A backwards step that was a move in the right direction

28th July 1995 at 01:00
A colleague who recently retired warned me that it felt "rather like the end of a 30- year toothache". He spoke only partly in jest, for his experience of teaching had not always been happy. A sad epitaph for what was once and still is a fulfilling vocation. But it's not uncommon.

We all know teachers who struggle to survive in the classroom, or who hold a post of responsibility as if it were a burden. It's wrong that they feel they have no choice but to soldier on, sometimes through years of unhappiness and offering little of value to their pupils or school. Perhaps the only solution is re-training, early retirement or, in extreme cases, dismissal. But there are other teachers who are simply in the wrong job in their school. I was one.

Three years ago I resigned as head of department and returned to being an "ordinary" classroom teacher in my school. I resigned because, after eight years, it had become like the proverbial unrelieved toothache. I worried endlessly about the responsibility, became sensitive to the slightest criticism (real and imagined), and saw my classroom work suffer.

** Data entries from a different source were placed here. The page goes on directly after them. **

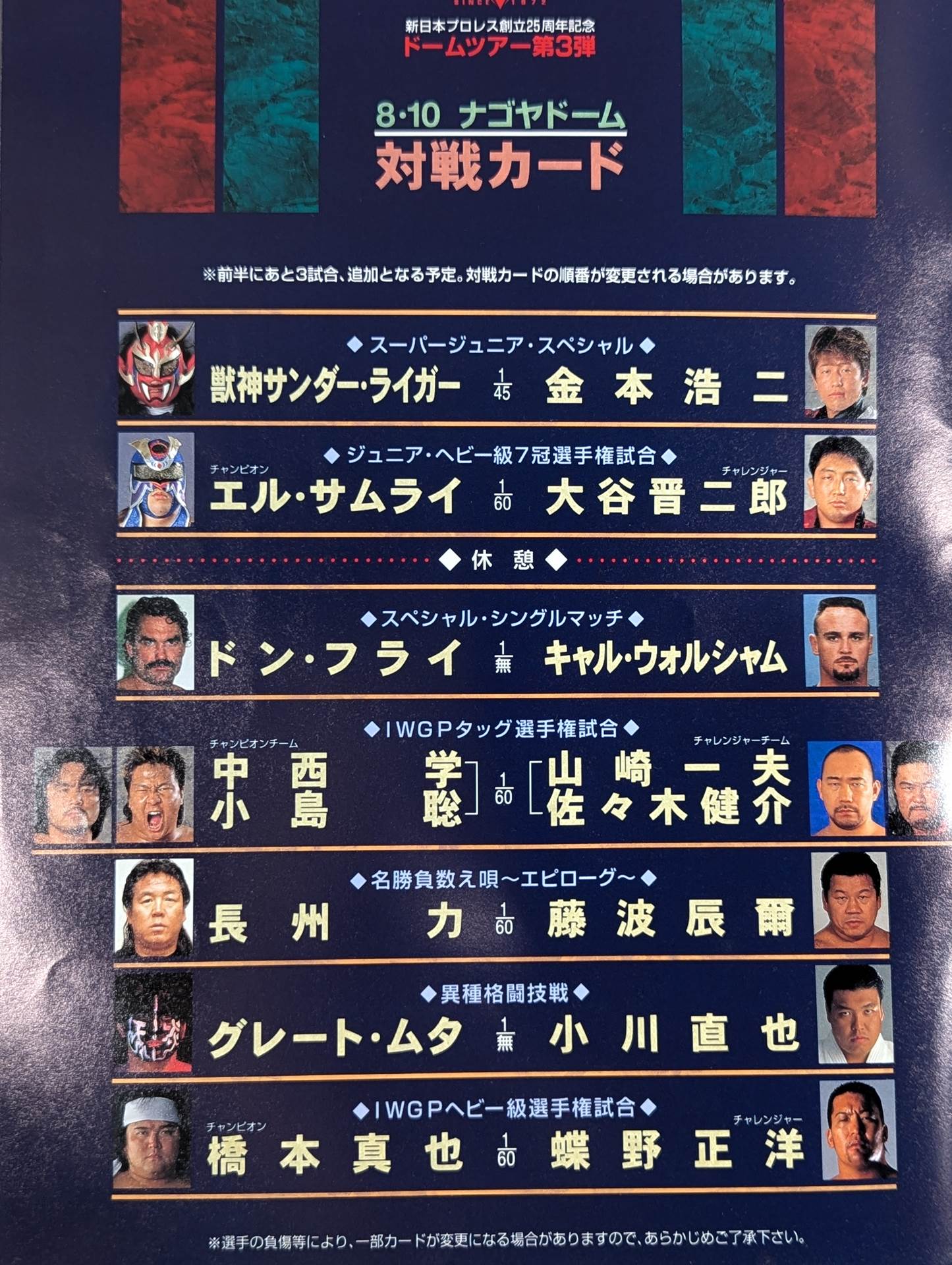 Venue: Nagoya Dome / list of the matches is printed : [IWGP Heavyweight fighters Tournament] Shinya Hashimoto vs Masahiro Chono (※Shinya Hashimoto vs Hiroyoshi Tenzan / Great Muta vs Naoya Ogawa / Riki Choshu vs Tatsumi Fujinami / [Junior 7-crown fighters match] El Samurai vs. Shinjiro Otani 25th Anniversary 97 Dome Tour 3rd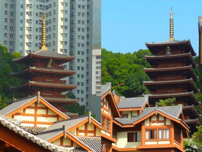 志莲净苑是一座庙宇,其木构建筑群仿照唐代艺术风格设计,南莲园池则是个古式园林,两者相互毗连,虽位处繁华喧闹的市中心,但别具宁静平和的气息。这里是一方净土。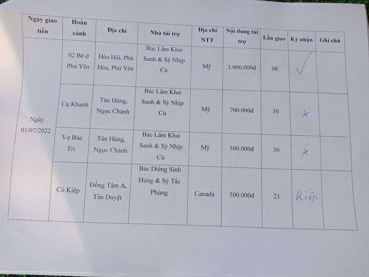 3. Hoàn cảnh 51: Gia đình Cô Nguyễn Bích Kiệp ở ấp Đồng Tâm A, xã Tân Duyệt, huyện Đầm Dơi, tỉnh Cà Mau được Bác Diêng Sinh Hùng và Sỳ Tắc Phùng tặng 500.000 VNĐ lần 21.

Visits to the doctor became more frequent; my life outside school deteriorated. I lost confidence and was deeply unhappy. On the day of resignation, I had the tooth pulled and, as in the dentist's surgery, I experienced both pain and relief.

For several years I had silently struggled with the knowledge that the job wasn't for me, that I had made a mistake in wanting it. Three factors prevented me from doing anything about it. First, the conviction that you don't ever take a career step that looks like a backwards move; second, the shame in admitting that I was wrong for the job, and finally, the idea that I couldn't survive if I took a salary cut.

It wasn't easy to face up to the first two facts, and to cope with the notion that I'd failed. I would like to believe that schools are aware of such problems, and sensitive enough to deal with them - even to offer financial help when teachers opt to move to a lower salary. I think this is rarely the case. People are usually left to work out their own salvation, and rarely can. Teachers, pupils and schools are all the losers.

I have no regrets. I made a decision that has certainly helped my school: my replacement is more effective than me. (It would have pleased me even more if the school had, in the smallest way, acknowledged that my decision took some courage and cost me Pounds 2,000 a year).

My life is now richer in other ways. Most importantly, I am a better teacher. I enjoy my classroom work again, and I have recovered my self-confidence and self-esteem. The other day I even thought of applying for a post of responsibility again! And, when I retire, I shan't liken my teaching to toothache.

Marcus Short is an ex-head of special needs who now teaches in the West Country. He writes under a pseudonym.